Bisnis.com, JAKARTA — Tingkat kredit macet atau non-performing loan (NPL) dari perbankan dan perusahaan pembiayaan diperkirakan meningkat setelah pandemi berakhir.
Ekonom Senior Institute for Development of Economics and Finance (Indef) Aviliani menyampaikan bahwa level NPL perbankan dan perusahaan pembiayaan yang terjaga saat ini lebih ditopang oleh relaksasi yang diberikan pemerintah.
Adapun, pemerintah akan memperpanjang mekanisme restrukturisasi kredit tersebut hingga 2022 untuk mempercepat pemulihan ekonomi.
Sebelumnya, Peraturan OJK (POJK) Nomor 11/POJK.03/2020 tentang Stimulus Perekonomian Nasional Sebagai Kebijakan Countercyclical Dampak Penyebaran Coronavirus Disease 2019 hanya berlaku dalam jangka satu tahun.
“Perpanjangan relaksasi yang harus diwaspadai ketika 2022, di situlah NPL baru naik karena kecenderungan belum tentu perusahaan yang diberi restrukturisasi itu sudah punya kemampuan atau memang mereka seterusnya sudah tidak punya kemampuan,” kata Aviliani dalam Diskusi Online Indef, Kamis (27/8/2020).
Aviliani melanjutkan bahwa saat ini tren permintaan relaksasi kredit masih berlangsung hingga saat ini.

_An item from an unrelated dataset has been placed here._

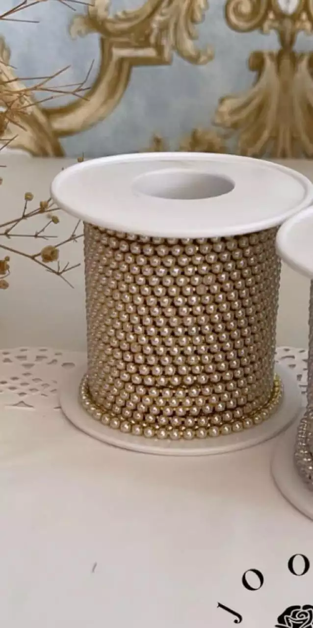ستراس ٢ملم ليلو ابيض بقاعدة ذهبي

Setelah sektor UMKM yang terpukul lebih dulu, kini giliran korporasi berukuran menengah yang akan meminta relaksasi kredit karena cadangan dana ternyata tidak mencukupi hingga pandemi berakhir.
Baca Juga
Usaha menengah tersebut dinilai tidak semuanya dapat bertahan hingga pandemi berakhir. Apalagi, perusahaan yang tidak ikut memperbarui diri dengan digitalisasi.

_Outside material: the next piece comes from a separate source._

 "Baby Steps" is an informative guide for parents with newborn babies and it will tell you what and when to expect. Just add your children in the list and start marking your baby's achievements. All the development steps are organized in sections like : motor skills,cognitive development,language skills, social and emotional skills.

“Kalau perusahaan tidak siap berubah, kalau diberi restrukturisasi ini akan jadi kredit macet,” tunjuk Aviliani.
Berdasarkan data Otoritas Jasa Keuangan per Juli 2020, restrukturisasi kredit di perbankan telah mencapai Rp776,99 triliun yang terdiri dari UMKM senilai Rp328 triliun dan non-UMKM senilai Rp448,3 triliun.
Dari perusahaan pembiayaan, realisasi restrukturisasi yang disetujui senilai Rp148,7 triliun.